# Spring fishin



## fishinnick (Feb 19, 2011)

It's been ages since I've posted on here........figured I'd toss up a few photos. It was a nice spring for steelhead fishing, but the water is getting too warm now. Some fish remain though......my brother and I got into a few over the weekend along with some fine Ohio bronzebacks. PA trout fishing has been good, and even got into some pickerel and a little muskie recently. Such a rush when they blast a streamer! White bass runs are happening in some of our waters now too, and I guess the crappie fishing has been nice.
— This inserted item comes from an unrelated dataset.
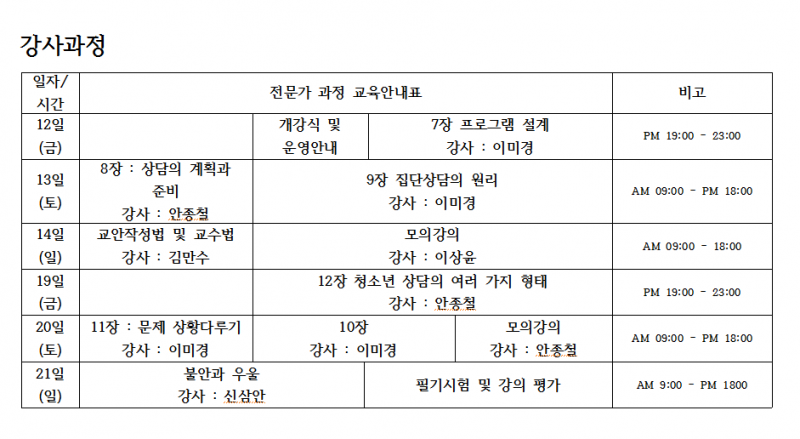 정신건강상담사 자격연수 참가에 감사드립니다.

Plenty of options this time of year!! Hope everyone else has been finding a few fish this spring


----------



## Dolomieu (Aug 19, 2008)




----------



## fishinnick (Feb 19, 2011)

Nice mix Dolomieu!!


----------



## WISH IT WAS YOU (Jul 25, 2006)

very nice fish guy the pickerel is great looking as well


----------



## FLong (May 29, 2010)

Dolomieu said:


>


Is that a Daiwa Kiyose I see? That is my go-to smallie rod.


----------



## Dolomieu (Aug 19, 2008)

Yes FLong, that is a Daiwa Kiyose 39SF that I just got a couple months ago as I am trying to get into Tenkara fishing for all species. The trout pics are from the first time using it on a freshly stocked river and you can get great drifts nymphing heavier flies with it. I just ordered a 45SF to try kayak fishing for smallies. Already did well with a Badger Tenkara Wisco and Willow &Cane rods for panfish and bass.


----------



## FLong (May 29, 2010)

Dolomieu said:


> Yes FLong, that is a Daiwa Kiyose 39SF that I just got a couple months ago as I am trying to get into Tenkara fishing for all species. The trout pics are from the first time using it on a freshly stocked river and you can get great drifts nymphing heavier flies with it. I just ordered a 45SF to try kayak fishing for smallies. Already did well with a Badger Tenkara Wisco and Willow &Cane rods for panfish and bass.


Sent you a pm, didn't want to hijack this thread.


----------